The paper by [19] employs a hybrid CNN and LSTM model for gait biometrics, using data collected in an unconstrained environment, to robustly extract walking features across pace and time domains. However, due to the high computational requirements for training, applying this technique to large datasets poses challenges.

The study by F. S. Chen et al. [20] introduces the PQRST Complex for user recognition, which employs an accelerometer to capture foot movement in three dimensions (X, Y, and Z axes). This method utilizes nine features divided into amplitude and intervals, enhancing the performance of the identification system. The study focuses on the swing phase and applies two ML classifiers. However, focusing on the swing phase may overlook additional insight from the stance phase, which could improve gait analysis for identification. The impact of large datasets on power consumption and computational demands is also highlighted. Applying this system to real-world scenarios, such as security systems, could validate the practical effectiveness of its performance.

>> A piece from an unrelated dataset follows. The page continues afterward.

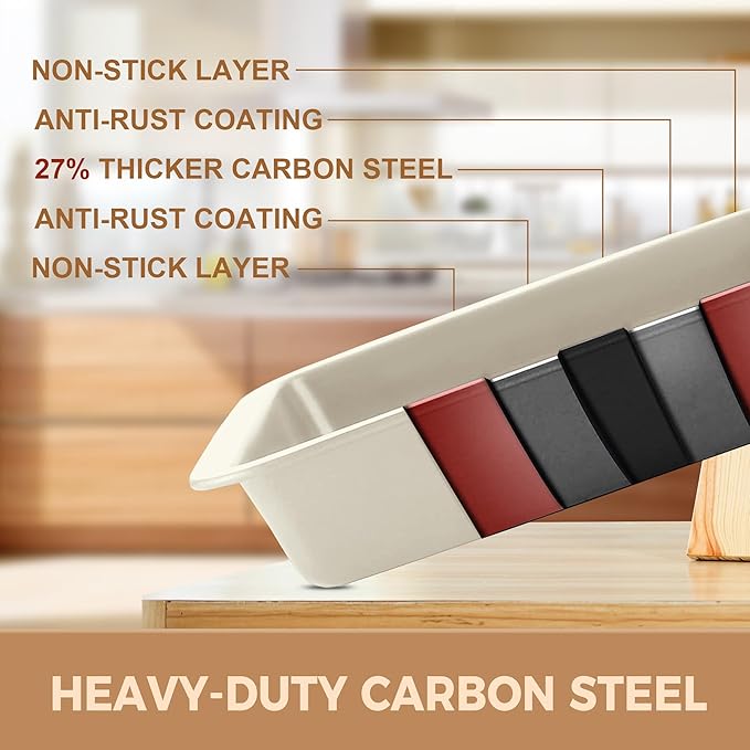 HONGBAKE Bakeware Sets, Baking Pans Set, Nonstick Oven Pan for Kitchen with Wider Grips, 10-Piece Including Rack, Cookie Sheet, Cake Pans, Loaf Pan, Muffin Pan, Pizza Pan -Cream

S. Kumari et al. [21] introduce a smartphone-based identification framework that captures patterns of daily activity using an accelerometer, magnetometer, and gyroscope. The model achieves high performance using various machine learning (ML) algorithms, aiming to replace traditional verification methods (e.g., passwords, PINs) in banking and email, and to reduce computational time. Although the two classifiers achieve high performance, due to the challenges of computational cost and system processing time, their framework may not be the most pragmatic smartphone-based identification framework.

M.S. Axente et al. [22] propose a smartphone gait recognition solution utilizing built-in sensors on Android devices. The system achieves significant performance by employing histogram similarity with accelerometer data, defined by setting a bin to identify the minimum score between histogram recordings. This performance is further enhanced with gyroscope inputs for activity recognition. Nevertheless, the method’s reliance on continuous data collection and processing, particularly when using multiple sensors, could strain a smartphone’s battery resources.

P. Delgado-Santos et al. [23] introduce GaitPrivacyON, a mobile gait recognition method for user identification that merges CNNs and recurrent neural networks (RNNs), enhancing gait verification security while protecting sensitive data. Despite its success, the study highlights the challenge of simultaneously enhancing both identification and privacy.

Unlike previous investigations [16,17,18,19,21,23], which required more power and faced challenges in full training, our approach provides an efficient solution that rapidly identifies users without extensive training, maintaining low energy consumption during battery power identification. It effectively handles the complexity of full training scenarios, making it highly suitable for smartphones due to its higher performance with smaller datasets. In contrast to [22], our method considers the possible impact of handling sensitive information in large datasets, given that our model involves 12,000 samples. The suggested method emphasizes X-accelerometer peaks, improves user identification, and speeds up recognition.

A. Muro-De-La-Herran et al. [24] introduce the gait evaluation method using wearable sensors, capturing patterns from observed individuals using devices attached on their lower legs using a three-acceleration axis. The study provides a valuable insights but is limited by controlled settings and lack of long-term follow-up. Larger datasets and more reliable algorithms that can handle pattern variations are suggested. This method relies on wearable sensors worn on the body, with limitations, including restricted data range and discomfort caused by constant wear, as well as environmental constraints.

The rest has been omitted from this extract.